I had a day this week where my AC ran full tilt but could not get the temp of the home under 77. The air out of the vents was a very cool temp the whole time - the outside environment I think was beyond the abilities of my home's insulation and the outside temp. Calling a tech to check your refrigerant is the only real way to know if you are lacking and preferably when the temp outside is 70+. I have, but since my AC is working relatively AOK I am low priority for them to get here to check the refrigerant levels.


----------



## Dwillems (Jul 14, 2011)

PPang100 said:


> Excuse my lack on knowledge on home AC, but what is an A-coil?


Its the condensor coil inside the ducts that transfers the cold to the air and heat to the refridgerant... Most of them are in the shape of an A to maximize surface area while still fitting in the ductwork


----------



## G-Mo (Feb 16, 2009)

Dwillems said:


> Its the condensor coil inside the ducts that transfers the cold to the air and heat to the refridgerant... Most of them are in the shape of an A to maximize surface area while still fitting in the ductwork


Most people call this an evaporator coil.


----------



## COLDIRON (Mar 15, 2009)

What do most people say when their A/C is not working properly?

I think I need freon.

Truth be told most units don't need freon , most of the time it is an electrical problem. It's just one of those things people have always said it probably started years ago with unscrupulous air conditioning mechanics / freon jockeys that made money telling people their unit was low on freon and they need to fill it.

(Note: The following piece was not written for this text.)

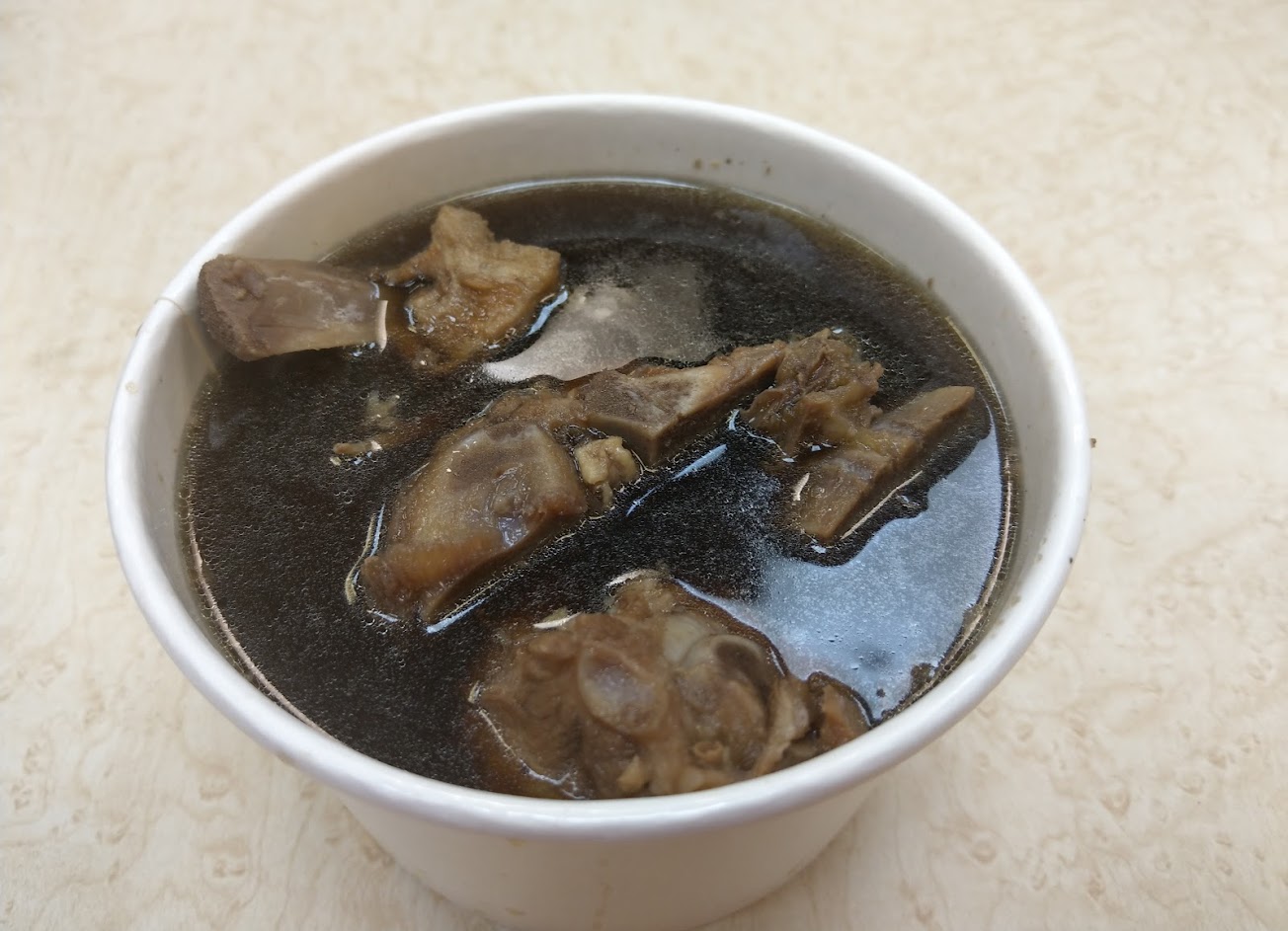 藥燉排骨湯黑清甜不死鹹,中藥膳香氣濃,排骨肉量一般。

Note; freon does not wear out or need to be changed unless there is a leak or something happened internal to the system.


----------



## Technow (Nov 12, 2010)

COLDIRON said:


> What do most people say when their A/C is not working properly?
> 
> I think I need freon.
> 
> ...


What I have been running into lately is lack of maintenance contributing to the electrical problem. dirty condensers, unchanged filters, dirty evaps on the days where you need 100% capacity


----------



## yuri (Nov 29, 2008)

Years ago we had a LOT more freon leaks, at least where I am. We had those self piercing DIY aereoquip fittings on the precharged lines sets the Cdn built Keeprite units used and later Heils. Carrier had those tapered ferules/comp fittings that leaked. Ground shifting caused lots of those to leak. Lennox had leaky plastic service valves caps and no packing on the stem etc etc. Passing gas :nuke: /topping up every year was a common occurrence and people got used to it. New units are all welded or proper flare fittings that don't usually leak.

Maintenance, what the heck for? Out of sight and out of mind the unit is.:thumbsup:


----------